The democratic opposition - now unified behind a single candidate, Aleksandr Milinkevich - has called for a free election, but its leaders doubt that one will take place. They have increasingly focused their attention on mobilizing people for mass protests like those in Ukraine last year after that country's fraudulent presidential election.

"If our campaign is effective, then we will get people out into the street," Mr. Milinkevich said in an interview this week while campaigning in the western Belarussian city of Brest. "This is the last chance for us, the last battle."

The election has raised the specter of a new and possibly violent confrontation over democracy following popular upheavals in two other post-Soviet nations, Georgia and Ukraine, and more suspect elections recently in two others, Azerbaijan and Kazakhstan.

With 10 million people, Belarus borders new members of the European Union that have openly called for democratic change there, as has the United States. During a meeting with President Vladimir V. Putin of Russia in May, President Bush called for "free and fair elections" in Belarus. Secretary of State Condoleezza Rice called Belarus "the last true dictatorship in central Europe."
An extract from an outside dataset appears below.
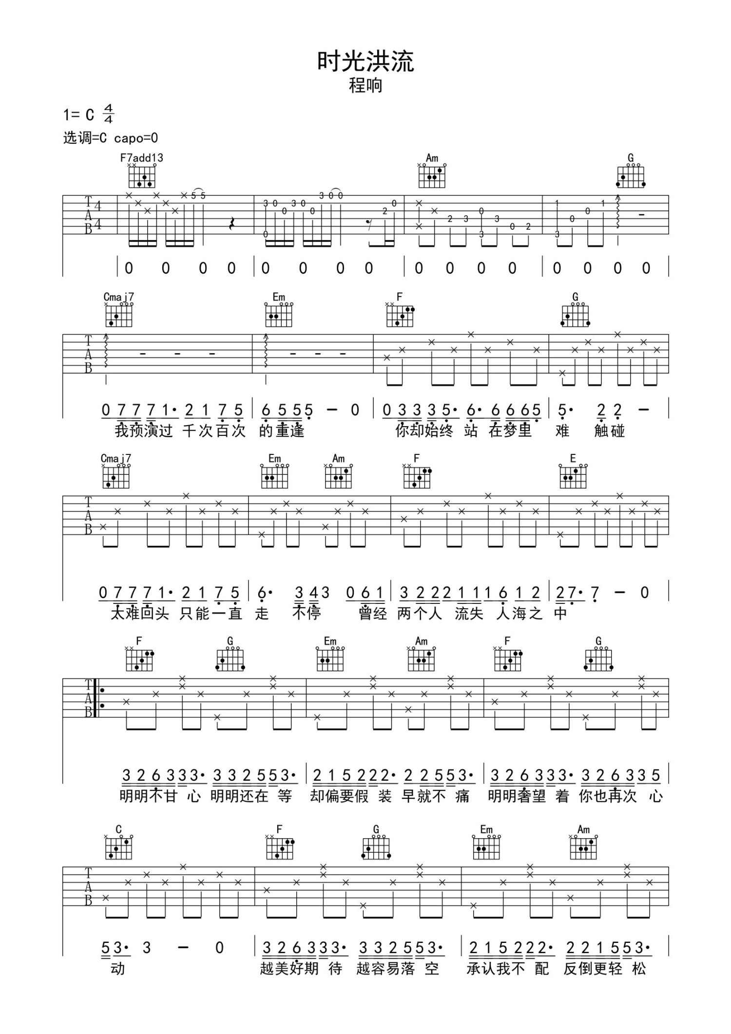 • 时光洪流吉他谱 - 程响 - C调吉他弹唱谱第1张

"It is time for change to come," she said in April.

Mr. Lukashenko is eligible to run again only because of a constitutional amendment approved in a referendum in October 2004 that abolished presidential term limits, allowing him to seek office indefinitely. That referendum approval, officially supported by 77 percent of voters, was widely denounced as a fraud. An independent survey of voters leaving polling places indicated that only 48 percent had voted in favor of abolishing term limits.

Mr. Lukashenko has responded defiantly to international criticism. With the election approaching, his government has put independent newspapers under new pressure by revoking their ability to be sold through state-owned kiosks or delivered through the state postal system.

The two houses of Parliament also toughened criminal penalties for organizing protests, joining banned organizations or speaking against the national interest. The legislation, awaiting Mr. Lukashenko's signature, would impose prison sentences of up to three years for anyone convicted of advocating the overthrow of the government and up to two years for "discrediting the country."

Parliament voted to set the election for March 19 in a hastily called session. Under the country's Constitution, twice revised by Mr. Lukashenko, the next election could have been held as late as July. But with Mr. Milinkevich's campaign showing signs of winning popular support, according to its own polls, many of his aides believed that Mr. Lukashenko would move to compress the election campaign.

Nikolai I. Lozovik, a spokesman for the Central Election Commission, said in a telephone interview that the date had been set because of more prosaic concerns: "July is the time of vacations." He added that March elections were "an old Soviet tradition."

The Parliament's vote came a day after Mr. Lukashenko met with Mr. Putin in the Black Sea resort of Sochi. Mr. Lukashenko was quoted by news agencies as saying he would discuss the elections with the Russian leader. Although the two men have had chilly relations at times, Mr. Putin has been a reliable ally.

The Kremlin, dismayed by the Orange Revolution in Ukraine that overturned an initial victory by a Russian-backed candidate, appears unlikely to break with Mr. Lukashenko to support an opposition candidate promising democratic, economic and political reforms.

In a telephone interview after the vote on Friday, Mr. Milinkevich said the earlier election date would curtail his time to travel and meet voters in person - something essential to his campaign because of a blackout on state television and radio.

An abbreviated campaign could also limit the influence of foreign assistance, including nearly $12 million pledged by the United States to support civic and political groups, though not Mr. Milinkevich directly.

At the same time, Mr. Milinkevich said the decision to hold elections in March underscored the government's concern over signs that popular support for Mr. Lukashenko has waned after nearly 12 years in power.

"This decision is more evidence of their uncertainty," he said of Mr. Lukashenko and his circle. "They realize they cannot win in honest competition."